If I read you correctly, you seem to be implying that non-work-conserving service disciplines (time-triggered mode) are superior to work-conserving disciplines (pure CSMA/CA) in terms of throughput and latency. As far as I understand network calculus, this is not true in general. The benefit of TT mode (or WC disciplines in general) is that may simplify the analysis compared to non-WC disciplines, thereby, perhaps, reducing the cost of design and verification in some aspects, while introducing (usually) centralized time management and possibly limiting the overall network resource utilization factor (which follows from the definition of non-WC policies).

I certainly agree with your proposal that proper allocation of the port priorities that would satisfy the timing constraints can be a daunting task.

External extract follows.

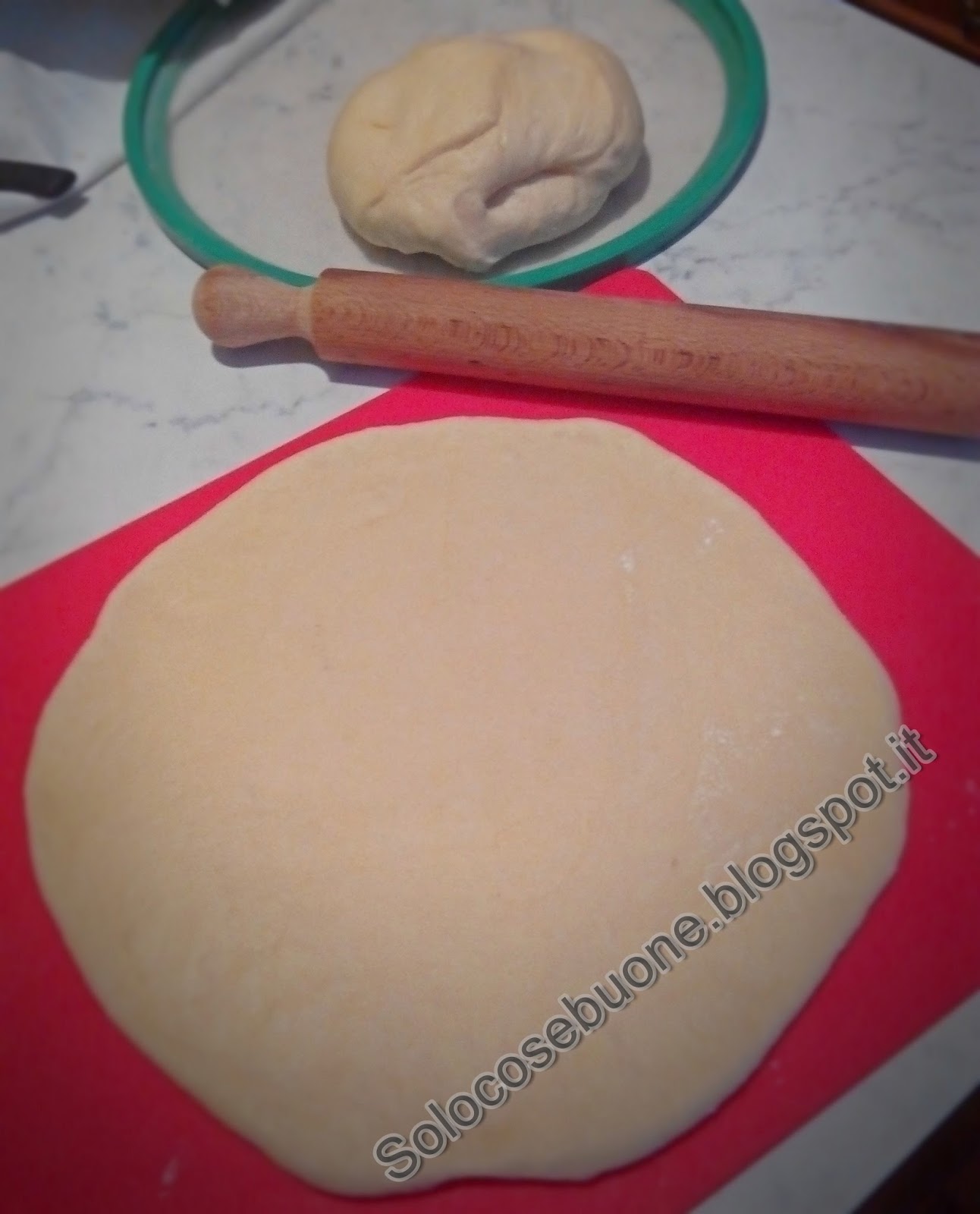 Dividiamo l’impasto in due e stendiamo i due dischi di pasta di 3/4 millimetri di spessore.

If you would like to approach the task formally, I can recommend two helpful resources to start with (you can find them online):

“Network Calculus: A Comprehensive Guide”, Bemten & Kellerer
“Safety and Certification Approaches for Ethernet-Based Aviation Databuses”, chapter 5 “Analysis of deterministic data communication”, Lee et al.

Most of the theory is focused on point-to-point switched networks which is not directly applicable to the CAN bus. However, at least to some extent, you can model the CAN bus as an IQ-switch (the bus itself is then viewed as the switch’s fabric with no speed-up) to apply the theory developed for switched networks to CAN.

Deterministic scheduling is an interesting topic that is critically important for many UAVCAN applications. It is true that it is mostly overlooked by the existing tools out there, making life unnecessarily difficult for adopters like you, but I was hoping to approach it one day as part of our work the Yukon project. Maybe you or whoever is reading this could lend us a hand here, that would be appreciated.